Panel Near Decision on Law Schools' Bar Exam Passage Rates
Following years of deliberation, the panel overhauling the American Bar Association’s law school accreditation standards is near a decision about whether to tighten the rules governing rates of bar-examination passage by graduates.
The ABA’s Standards Review Committee will meet Friday and Saturday to discuss a range of proposals, none of which has proven as controversial as the bar-exam passage standard. Now the committee’s chairman, Saint Louis University School of Law professor Jeffrey Lewis, believes the group will finally reach a consensus.
"I think we will make a decision at this next meeting," he said.
The committee has already backed off a suggestion to raise the minimum passage rate from the existing 75 percent within five years of graduation to 80 percent within two years. The National Bar Association—the largest association of black lawyers and judges—and the Society of American Law Teachers this summer wrote a joint letter warning that the proposal would have "dire consequences on law schools with racially diverse populations."
Instead, the committee will discuss retaining the 75 percent passage minimum but requiring that threshold be met within two years rather than five—meaning law schools would have less time to get their graduates accredited professionally.
"This is a variation on the current interpretation, really," Lewis said. "It focuses on ultimate passage, not first-time passage—which seems like something a lot of the critics don’t understand."
The bar-passage standard is intended as consumer protection for law students, ensuring that schools adequately prepare them to pass the bar exam and enter practice in exchange for three years of tuition, Lewis said.
The National Bar Association praised the committee for moving away from the 80 percent passage minimum, but still fears harm to members of minority groups, some of which tend to score lower on standardized tests, studies show. "Everyone has the goal of consumer protection, but standards should be thoughtfully constructed," Patricia Rosier, the organization’s president, said in late January.
"The [committee] has failed to base its proposal on any publicly available data on ultimate pass rates, or any evidence that bar examinations and pass rates are reliable, valid measures of the abilities of graduates to practice law," she said. "The unintended consequence will cause many law schools to limit enrollment to students with higher standardized test scores instead of allowing students to prove they can succeed."
Erica Moeser, president of the National Conference of Bar Examiners and a former committee member, has observed that relatively few candidates sit for the bar exam more than five times.

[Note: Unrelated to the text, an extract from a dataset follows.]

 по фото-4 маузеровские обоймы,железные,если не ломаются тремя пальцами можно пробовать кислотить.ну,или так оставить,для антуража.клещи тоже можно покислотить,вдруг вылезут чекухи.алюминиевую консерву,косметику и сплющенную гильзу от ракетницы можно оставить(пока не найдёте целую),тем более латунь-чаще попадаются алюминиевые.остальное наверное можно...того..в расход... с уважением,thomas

For that reason, she argues, a two-year window for passage should not prove unduly burdensome.
The argument is hardly new. The ABA set its specific bar-pass minimum only in 2008. Earlier, it enforced what was known as the 70/10 Rule—70 percent of school's first-time test takers had to pass within the school's home state. Alternatively, the first-time pass rate could be no more than 10 percent below the average for other ABA-accredited schools in that state. The U.S. Department of Education demanded a clearer rule, however.
The rule the ABA came up with does allow an alternative to the 75 percent rule—schools can meet the standard with bar-exam passage rates no more than 15 percent below other ABA-accredited school in their states. The idea was to level the playing field, given different passage rates across jurisdictions.

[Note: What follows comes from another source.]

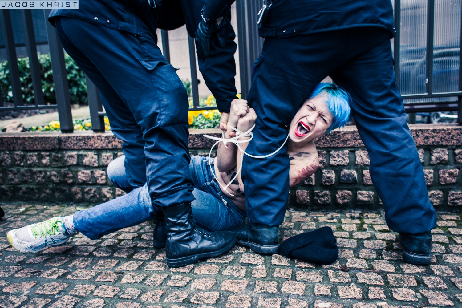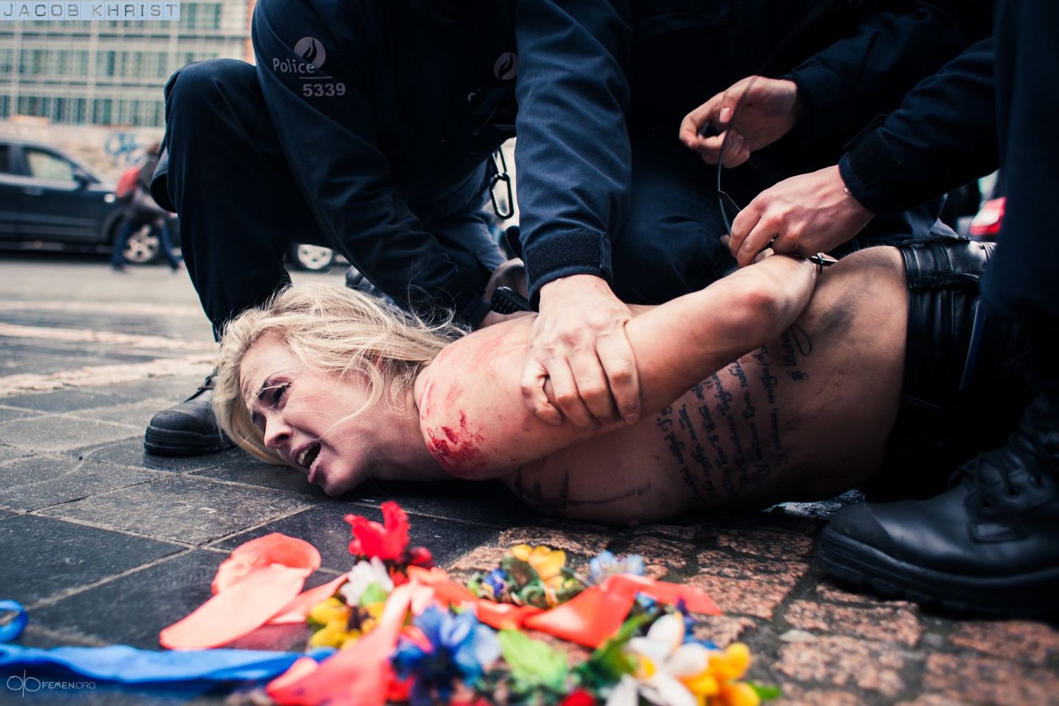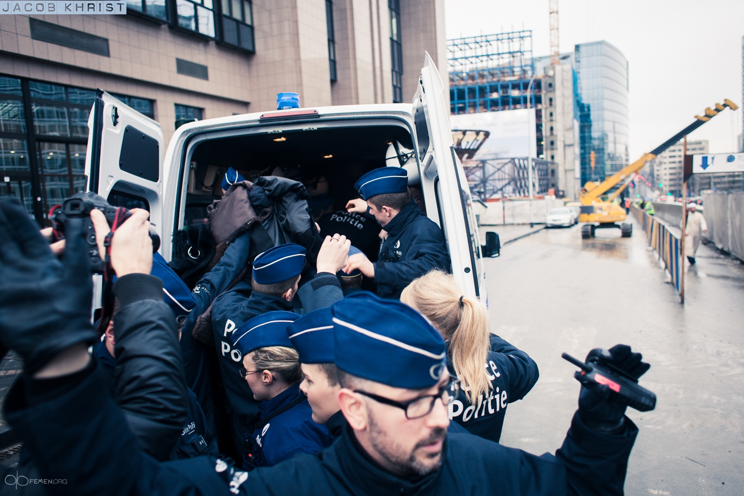 Como puede verse de las fotos, la policía en Bruselas detuvo a las activistas.

But this safety valve would be eliminated under the pending proposal. That worries the National Bar Association, which cites research showing that minority law students disproportionately sit for the bar exam in states with lower overall passage rates, such as California.
That won’t be the only juicy matter the committee takes up. It will also consider increasing the practical-skills training that law students must complete. Existing rules require only one credit hour of so-called experiential learning, including clinics, externships and simulation-based courses.

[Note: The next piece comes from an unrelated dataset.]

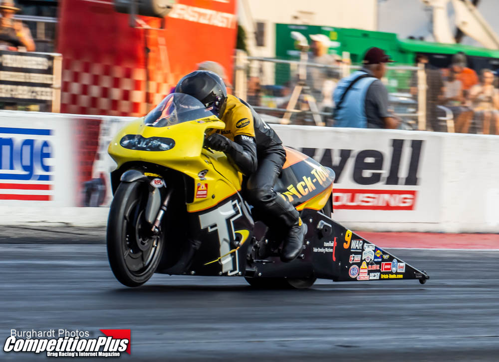 Tornow arrived in Indy aboard his Buell. He clocked a 7.141-second run at 188.33 mph, placing him No. 13 on the ladder.

The committee is considering boosting that requirement to either six or 15 credit hours—the latter option supported by the Clinical Legal Education Association. A number of Yale Law School professors and dean Robert Post have sent the ABA letters opposing the 15 credit hour option.
"Whatever the career pattern, students need to be provided with the analytical framework and knowledge necessary for solving complex legal problems and policy issues," the professors wrote. "In our judgment, 15 credit hours of experiential courses could be useful for some students, but certainly not all or even most students."
The committee also will discuss whether to allow students to earn money as well as academic credit for externships—existing standards bar them from receiving both. The ABA’s law student division believes the change would "send a bold message to our nation’s law students that the ABA Section of Legal Education and Admissions to the Bar is committed to addressing some of the financial hurdles law students encounter financing their legal educations," according to a letter from the division’s leadership.
None of the committee’s decisions will be final, but rather recommendations to the Council of the Section of Legal Education, which has the final word. The ABA hopes to wrap up its overhaul of the standards within the next year.